Now, I won’t argue about population figures or how many users there are or how many creative types live in New York or wherever. But what I will argue is that in counterpoint to both the Flat World theory and the Creative Cities concept is a place that embodies both: Second Life and, to a degree, other virtual worlds that allow creation in one form or another.

Because if you think about it, Second Life (as an example) embodies the virtues of the flat world: it collapses geography, it allows collaboration across space and time (zones). And it embodies the virtues of the great creative cities: it has a robust use of technology, it has a resident population of highly creative people, and the occasional Linden policy slip-up notwithstanding, it’s a tolerant place (what other city do YOU know with so many furrys and Goreans wandering around… leaving aside San Francisco?)

Second Life as One of the Great Creative Cities

Collapsing geography is an important transformation. Virtual worlds can enable this transformation. Aside from a sense of presence, and integration with “enterprise systems”, virtual worlds are also persistent. When a Web conference is over, so is the “world” in which the conference took place. Virtual worlds on the other hand allow collaboration in both real and asynchronous time. They allow both presence AND persistence.
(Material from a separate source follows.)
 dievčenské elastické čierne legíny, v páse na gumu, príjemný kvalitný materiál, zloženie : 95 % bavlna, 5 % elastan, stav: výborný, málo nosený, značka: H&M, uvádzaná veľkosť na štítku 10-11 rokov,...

And it’s the same for games, or socializing – all that stuff. Whether it’s Vivaty or Lively or Sony Home, the sense of a persistent space, the sense of presence, combined with being able to efficiently find people with similar interests whether they’re around the corner or around the world is about optimizing enjoyment.
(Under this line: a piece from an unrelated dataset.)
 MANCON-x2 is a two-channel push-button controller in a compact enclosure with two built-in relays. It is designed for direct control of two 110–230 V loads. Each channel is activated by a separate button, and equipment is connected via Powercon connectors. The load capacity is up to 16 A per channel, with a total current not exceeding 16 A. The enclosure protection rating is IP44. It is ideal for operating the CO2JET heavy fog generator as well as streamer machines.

But the beauty of Second Life is it is a source of value as both a way to SAVE and a way to CREATE. In business, you’re either lowering costs, or you’re increasing revenues. And while you’re not going to get rich selling shoes maybe, you might get rich because you plunked yourself down in one of the top creative communities in the world today: a rich, vibrant group of people who have created, prim by prim, the largest group narrative that, perhaps, has ever been created.

The fight today is not just the fight to save money (economy notwithstanding) it’s the fight to have the better idea than the person next to you. And I believe that Second Life is a test bed for the power of ideas: a giant experiment in user-generated content that goes beyond Wikis and youTube because it also creates new FORMS.

The company of tomorrow won’t use virtual worlds just because it’s an easier way to meet: they’ll be there because of the opportunities for serendipity, for new ways of thinking, for new forms and conceptual models. The better ones will show up not because they want to use a platform but because they want to share space in one of the leading creative cities of our age, and through that, discover, explore, and BUILD.